Background: The aSyn-SAA has 89–98% diagnostic concordance in clinically defined PD. However, there is limited data on the concordance between aSyn-SAA early after diagnosis and LBD at autopsy.
Method: Since 2017, the Parkinson’s Progression Markers Initiative (PPMI) study has coordinated brain collections for enrolled participants, with 24 brain autopsy results available as of February 2024. Neuropathologic evaluation followed current consensus guidelines for LBD, glial cytoplasmic inclusions (GCI), Alzheimer’s disease neuropathologic change, hippocampal sclerosis, vascular brain injury, primary age-related tauopathy, limbic-predominant age-related TDP-43 encephalopathy, age-related tau astrogliopathy, and chronic traumatic encephalopathy[1].
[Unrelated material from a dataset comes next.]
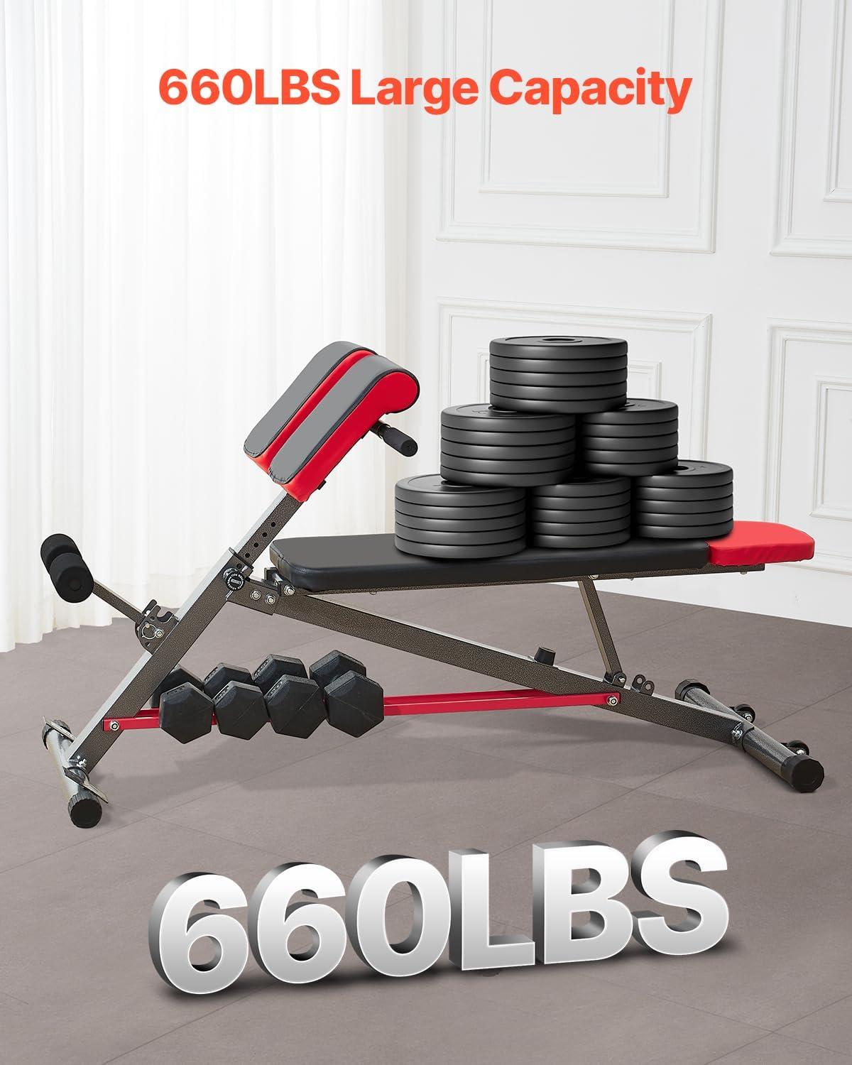 VEVOR Multi-Functional Weight Bench for Full Body Workout, Roman Chair Hyperextension Bench, Adjustable & Foldable Equipment for Back Arm Core Ab Workout, Sit Up Exercise Machine for Home Gym(Multi-Functional 660LB)

Results: aSyn-SAA results were available for 20 participants with brain autopsy [table 1], including 19 enrolled in the PD cohort and one enrolled in the prodromal cohort with REM Sleep Behavior Disorder (RBD). Of the 12 with a BL sporadic PD diagnosis, 11 had aSyn-SAA detected on BL CSF; all of whom had LBD at autopsy. In addition, most had moderate to severe substantia nigra (SN) depigmentation and locus coeruleus (LC) depigmentation. Of the PD GBA carriers, all 4 had aSyn-SAA detected on BL CSF; all of whom had LBD at autopsy, all with moderate to severe SN depigmentation and mild to moderate LC depigmentation. Of the 3 PD LRRK2 carriers, 2 had aSyn-SAA detected on BL CSF, both of whom had LBD at autopsy, both with moderate SN depigmentation and mild to moderate LC depigmentation. One LRRK2 PD was aSyn-SAA not detected on BL CSF and at autopsy showed no LBD but moderate SN depigmentation with no LC depigmentation. One participant enrolled as sporadic PD had aSyn-SAA not detected at BL, who showed GCI at autopsy with no LBD. Finally, the one participant enrolled as RBD had aSyn-SAA detected at BL, 6-, 12-, 24-, 36-, and 48- months and was diagnosed with dementia with Lewy bodies 36 months after BL; autopsy showed LBD with moderate SN and LC depigmentation.
Conclusion: In the PPMI cohort, aSyn-SAA detected/not-detected at enrollment was 100% concordant with the presence/absence of LBD at autopsy.
References: [1]Bukhari SA, Nudelman KNH, Rumbaugh M, Richeson P, Fox EJ, Montine KS, Aldecoa I, Garrido A, Franz J, Stadelmann C, Vonsattel JPG, Poston KL, Foroud TM, Montine TJ; Parkinson’s Progression Markers Initiative. Parkinson’s Progression Markers Initiative brain autopsy program. Parkinsonism Relat Disord. 2022 Aug;101:62-65.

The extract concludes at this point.